[PATCH] D33589: clang-format: consider not splitting tokens in optimization

Tue Nov 21 07:41:08 PST 2017

Typz added a comment.

In https://reviews.llvm.org/D33589#924716, @klimek wrote:

> One interesting trade-off I'm running into:
>  My gut feeling is that we really want to make local decisions about whether we want to break/reflow - this makes the code significantly simpler (IMO), and handles all tests in this patch correctly, but is fundamentally limiting the global optimizations we can do. Specifically, we would not correctly reflow this:
>
>   //       |< limit
>   // foo bar
>   // baz
>   // x
>
> to
>
>   // foo
>   // bar
>   // baz x
>
> when the excess character limit is low.

As I can see with your patch, local decision does not account for accumulated penalty on multi-line comment, and will thus give unexpected (e.g. no change) result when each line overlaps by a few characters, but not enough to trigger a break at this line.

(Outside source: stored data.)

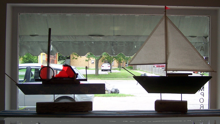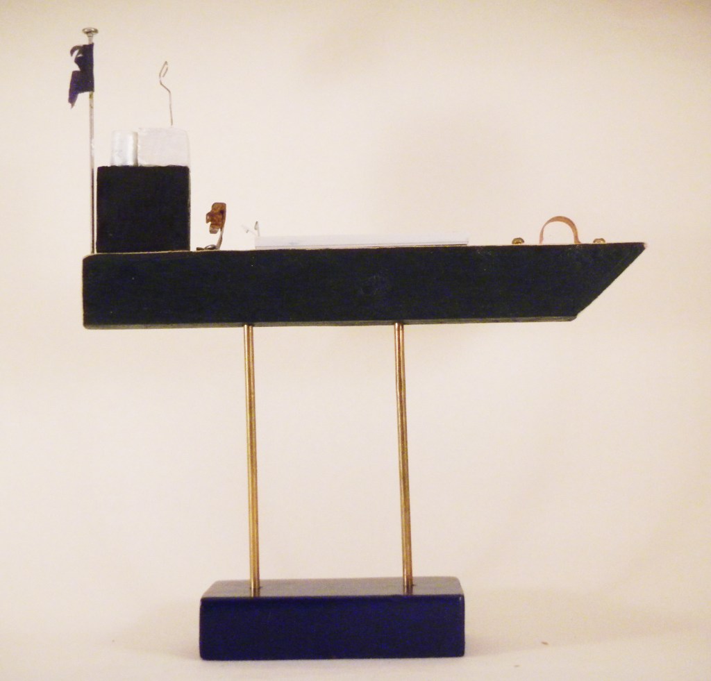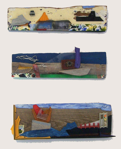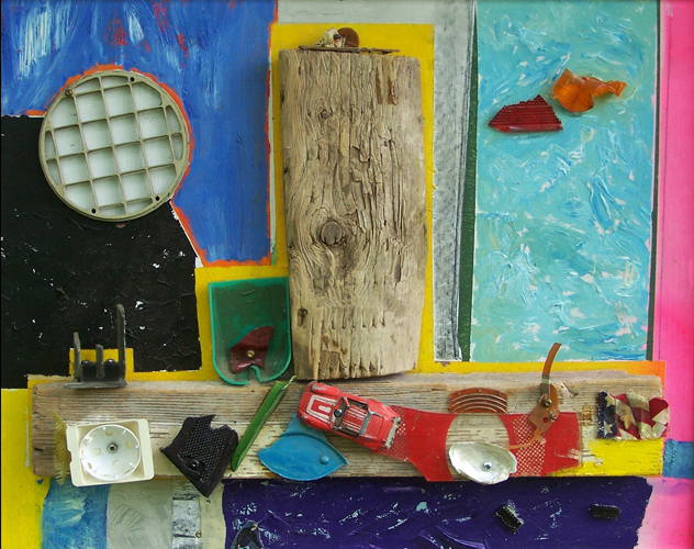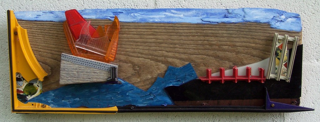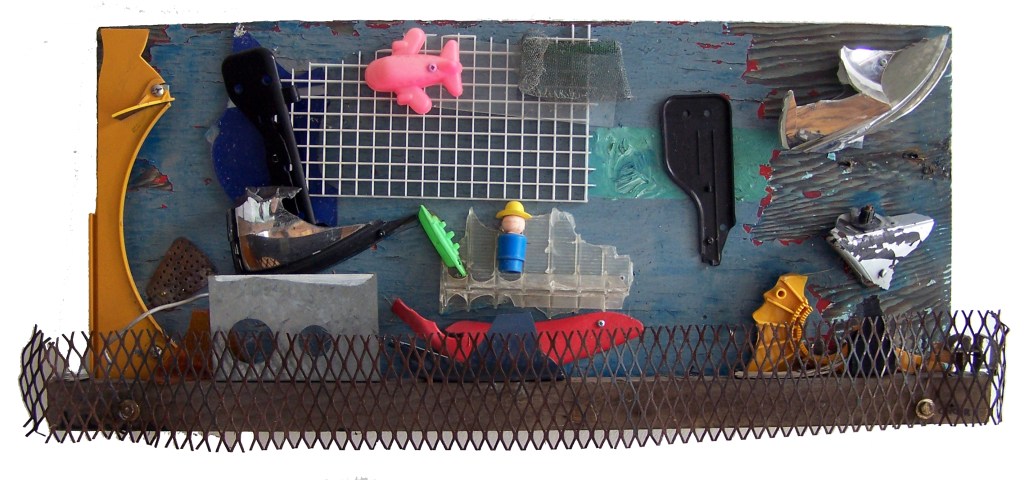 The visual impact of living in Port Colborne since 2007, a block from Lock 8 and it’s constant parade of ‘boats’ as well as the close proximity to the harbour, Gravelly Bay, and Lake Erie, provides one with a kaleidoscope of visual impressions and creative ideas. As I got to know Port Colborne and surrounding environs I realized that what was stimulation for me as a visual artist (the Welland Canal, the lake and the boats etc.) has been and continues to be, a major stimulus for creativity to the entire local arts community. For this project at Arts Place Gallery, Port Colborne, ON, I decided to interpret what I was ‘seeing’ through found materials, beach debris & paint. Welcome to “The Boat Show”.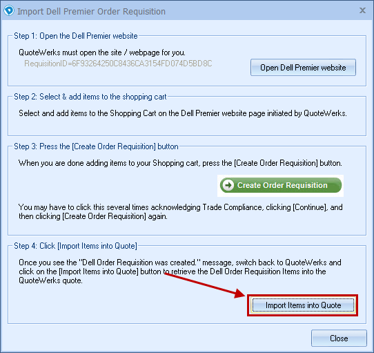 The QuoteWerks Dell integration enables Dell Premier Partners with Punchout credentials to import Dell order Requisitions from the Dell Premier portal. Users can initiate a new Dell order requisition from within QuoteWerks, choose items on the Dell website (or select a quote your Dell sales rep created for you), and then import those items into the QuoteWerks quote.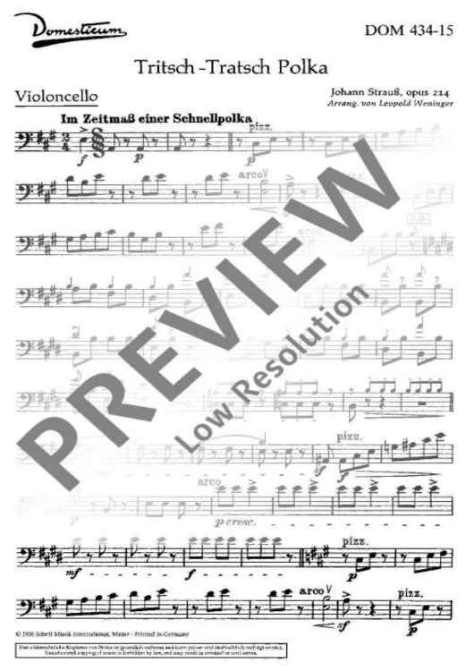 Digital Sheet Music for Tritsch-Tratsch Polka - Cello by Johann Strauß (Son) scored for Salon Orchestra; id:488156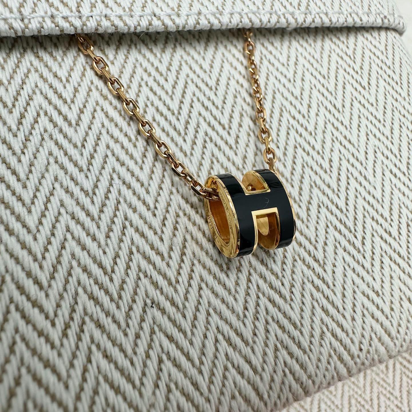 HERMES 🤍PRE OWNED Mini Pop H 黑金頸鏈 全套有盒🧡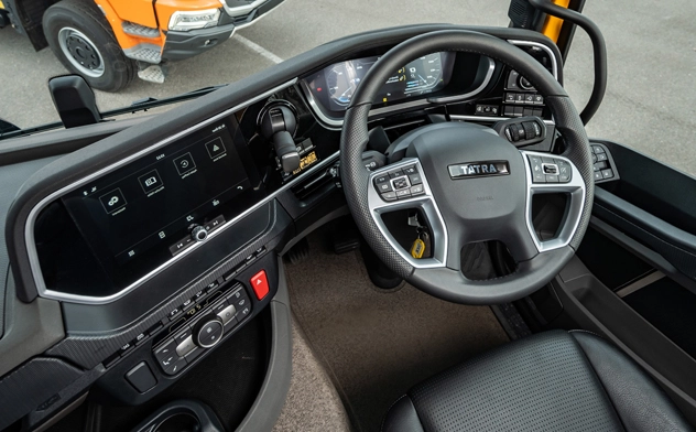 O novo TATRA PHOENIX oferece um interior completamente renovado com vistas inigualáveis e um painel de instrumentos luxuoso. A combinação de botões de controlo e ecrãs táteis otimiza a conveniência e a ergonomia, permitindo que o condutor se concentre exclusivamente na condução com o máximo conforto.
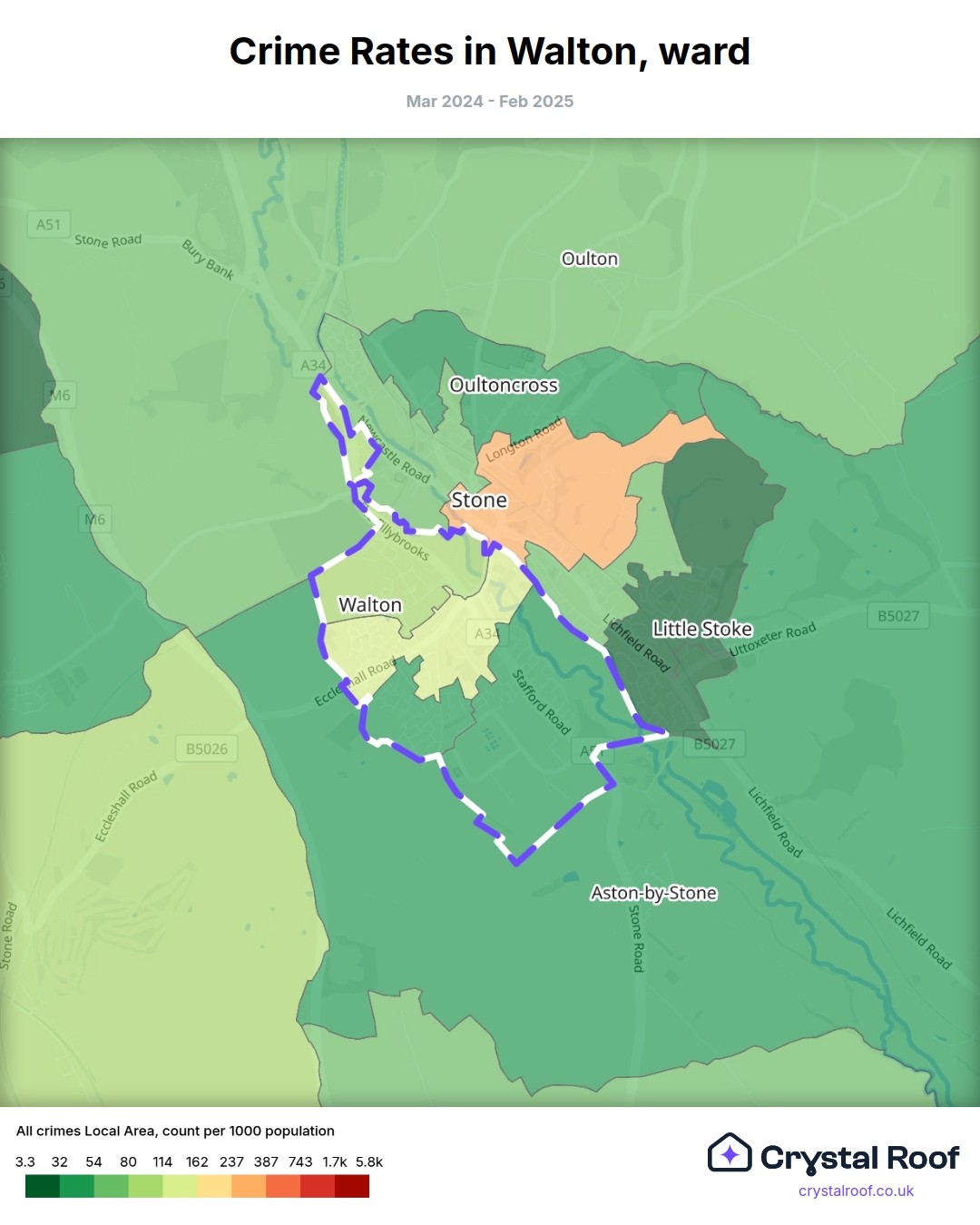 Walton (ward) is located within Stafford (borough). Annual total crime rate in Stafford (borough) is 74.9 crimes per thousand resident population, which can be rated as 3 out of 10 or low crime level compared to other local authority districts in England and Wales.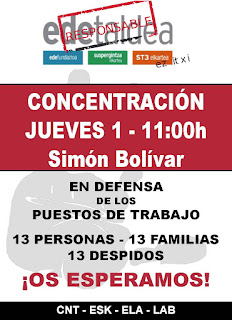 Los sindicatos CNT, ESK, ELA y LAB nos han mostrado su apoyo en estos momentos tan difíciles, con su acompañamiento durante la huelga y durante las movilizaciones que estamos realizando.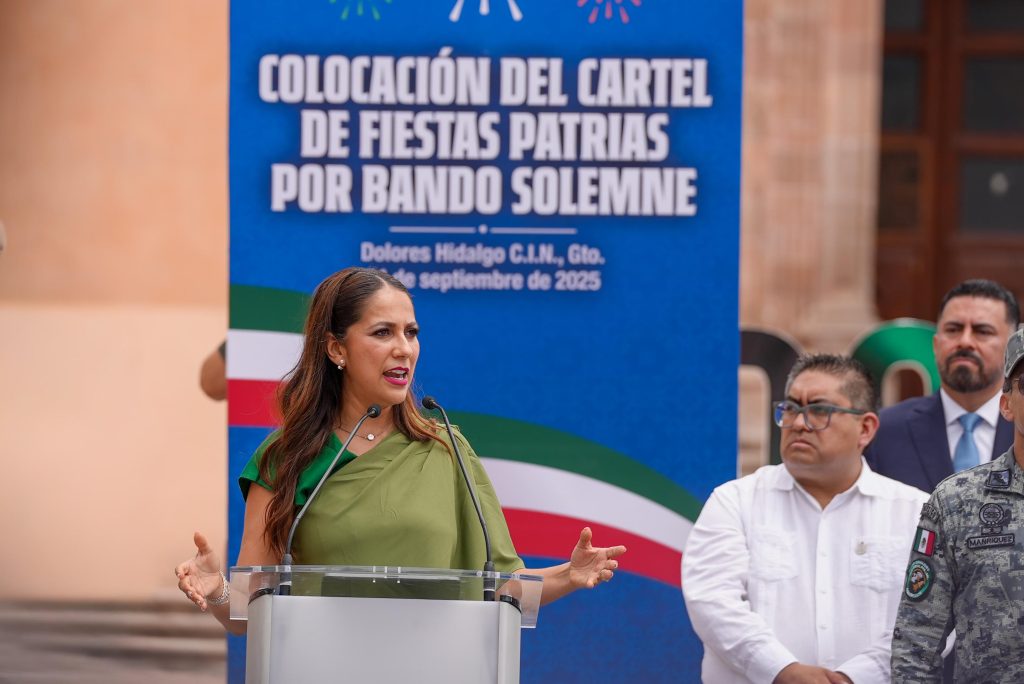 Dolores Hidalgo, Gto.- En Dolores Hidalgo se llevó a cabo la colocación del Cartel de las Fiestas Patrias por Bando Solemne. Durante la ceremonia, la gobernadora Libia Dennise García Muñoz Ledo destacó que estas celebraciones son una oportunidad para reflexionar sobre el valor de la libertad y recordar el inicio del movimiento de Independencia en esta ciudad.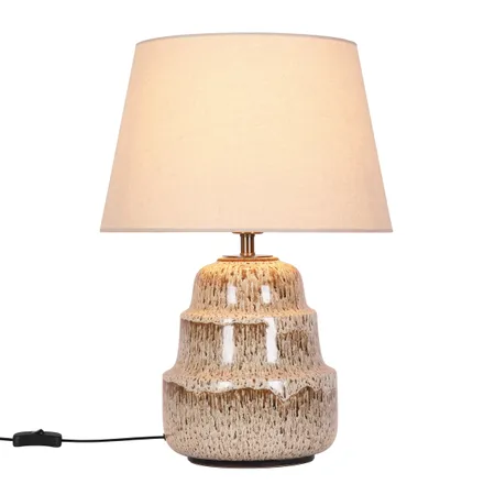 Transform any corner into a cozy, stylish retreat with this stunning table lamp. Its textured ceramic base boasts artisanal craftsmanship, blending organic charm with modern sophistication. Topped with a soft linen shade, it diffuses a warm, inviting glow that perfects the ambiance for relaxation or conversation.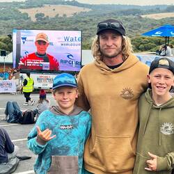 We left the caravan park in the dark, boys on bikes and us on foot, making the 3.5 kilometre trek to Bells not knowing wether or not it was on or off. It was on! They surfed Winky Pop which has very limited viewing, however we were early and secured a bench seat we could stand on for uninterrupted views. As they started the comp they cranked the speakers up and blasted AC/DC Hells Bells, apparently it is tradition and boy did it get you exited. We watched all of our favourite surfers ripping it up. Jack Robinson, Toledo, Medina, Owen Wilson, John John, Molly Picklum, Sally Fitzgibbon, Steph Gilmore and more however we were all very exited to see Kelly Slater, the greatest surfer of all time. We were expecting something special when Kelly entered the water with Jack Robinson however he had a shocker, barley landing anything in the choppy conditions. Jack dominated the heat demonstrating why he is leading with multiple airs, massive turns and big scores, he was un believably good.
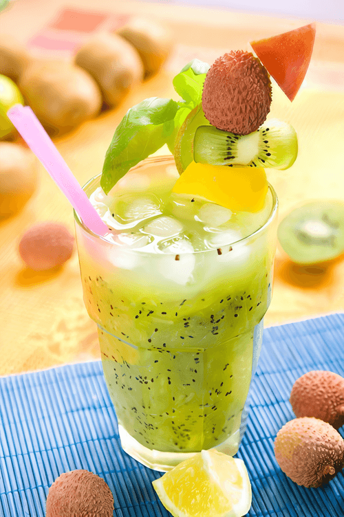 Decorate the rim of the glass with slices of kiwi and starfruit.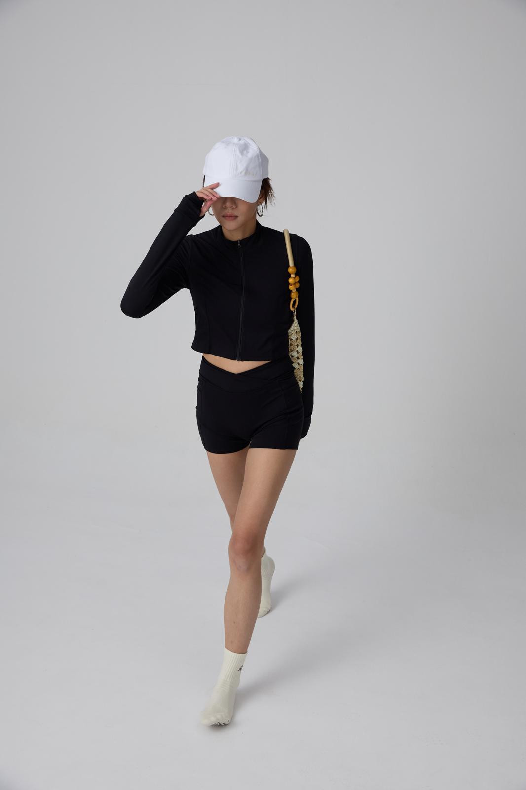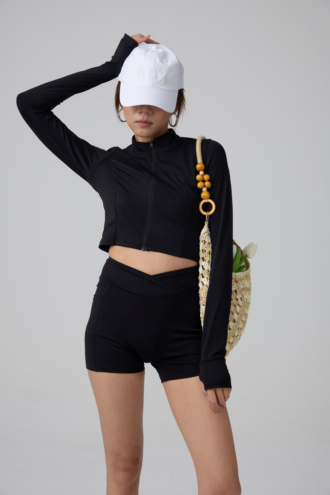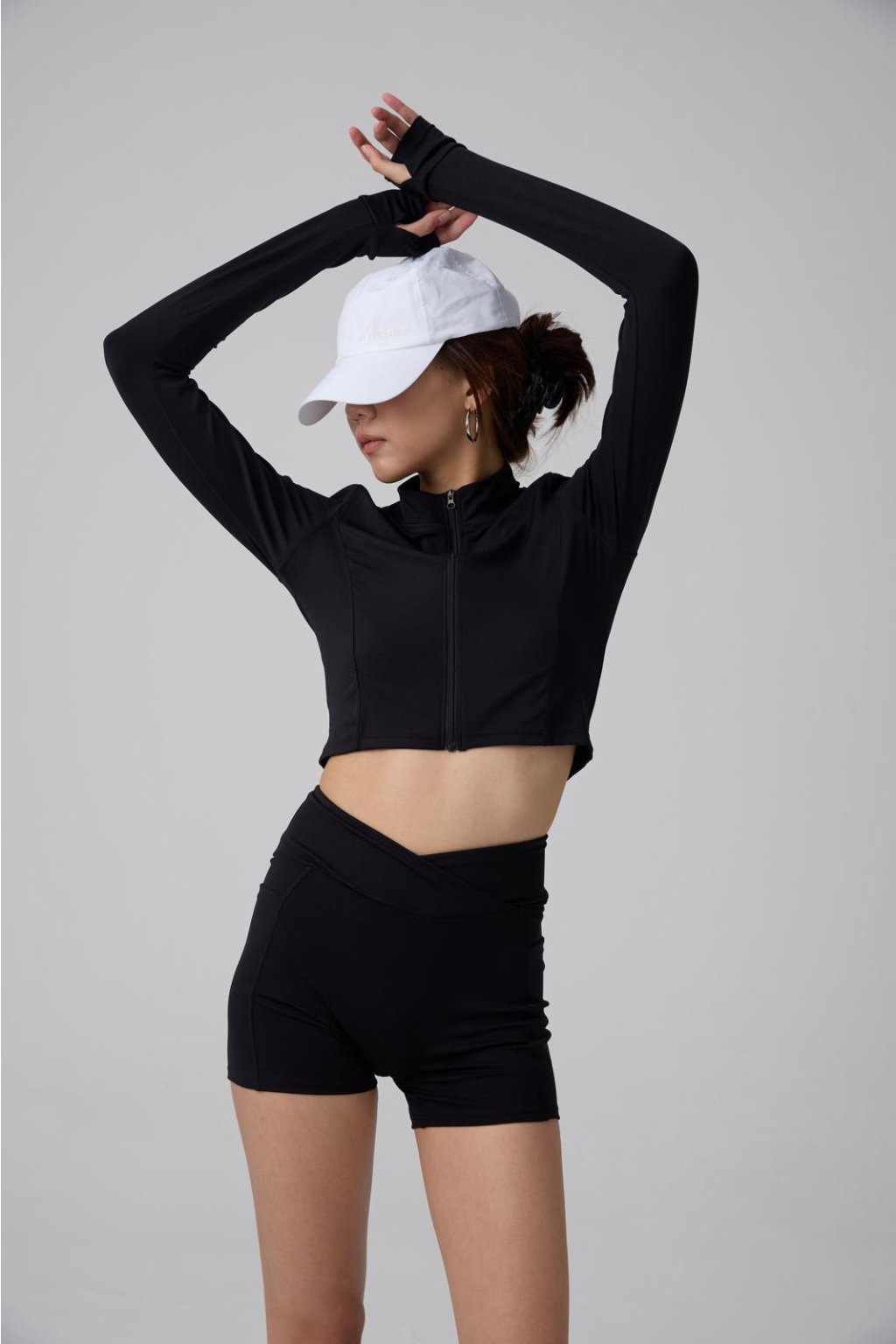 NVTO642 - 黑色顯瘦修腰短款立領運動外套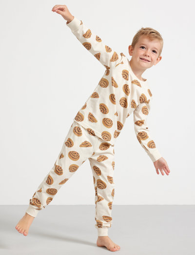 Cosy pyjama set in cotton with long-sleeved top and matching trousers.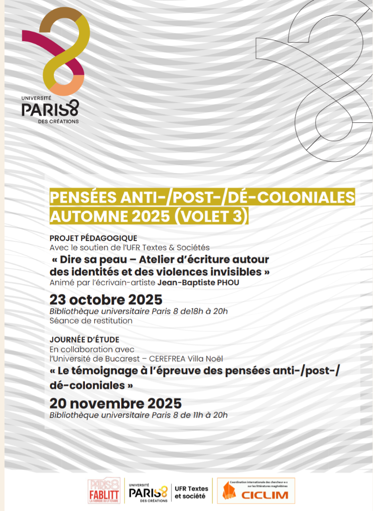 Lire plusJournée d’étude "Situer l’autothéorie à travers ses formes d’écriture" Lundi 17 novembre 2025 10:30-18:00 (…)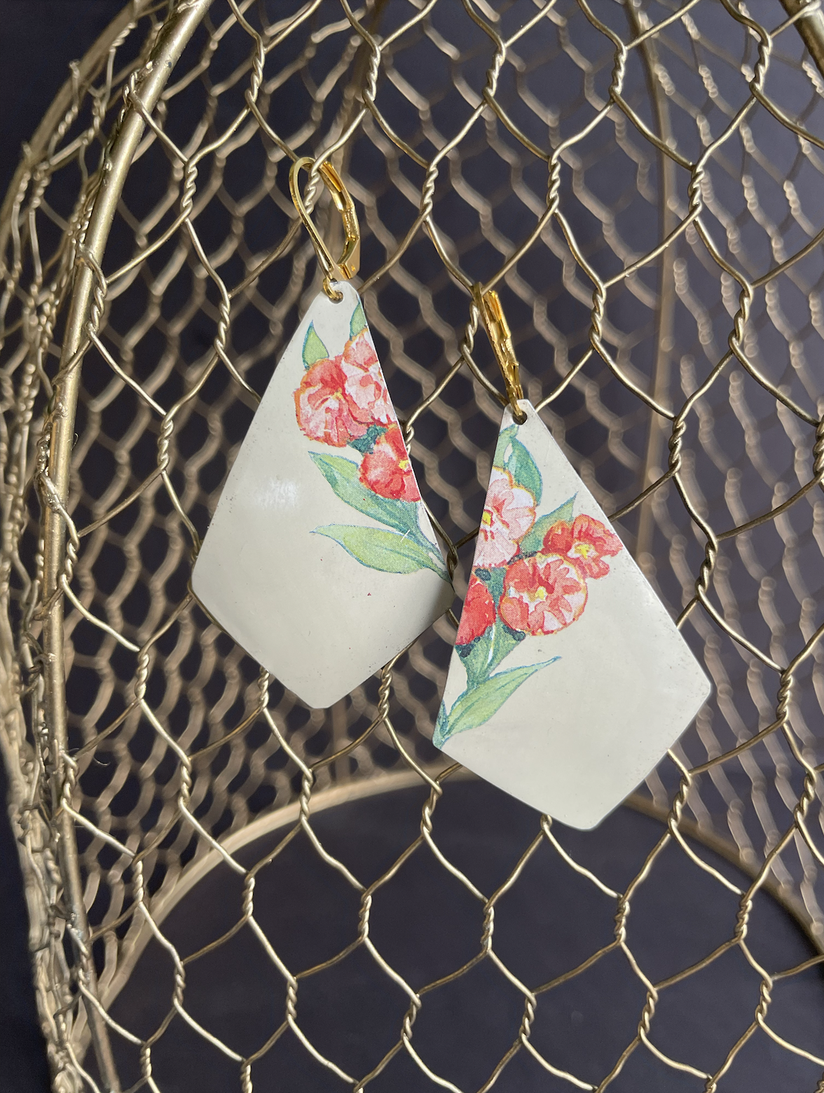Tins are very light making them ideal for earrings as they don't weigh down your ears as the day goes on. Did you know the proper term for working with tin is "tinkering"? That made me really happy. I literally tinker in my art studio! I use old cookie tins, tea tins, and the like, break them down, and hand cut them into shapes and hand-hammer them into the 3-D shape I want them to be, finish and polish them, before putting them together like any other jewelry.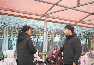 1月5日,河北省曲陽縣永寧社區(qū)永寧花園小區(qū)內(nèi),社區(qū)干部(右)向居民了解車棚使用情況。受訪者供圖

> That would be a point for global optimization, but I find it really hard to understand exactly why it's ok to do it. Won't we get things like this wrong:
> 
>   Limit: 13
>   // foo  bar baz
>   // bab      bob
> 
> as we'll not compress whitespace?

Indeed, this patch would not trigger whitespace compression when not reflowing; it would compare "not doing anything" (no reflow, no whitespace compression) with the complete reflowing (including whitespace compression). I don't think that would break anything, but indeed we could possibly get even better result by trying to apply whitespace compression in the no-reflow case [which should be simple, just a bit more code at line 1376 in the version of the patch].

https://reviews.llvm.org/D33589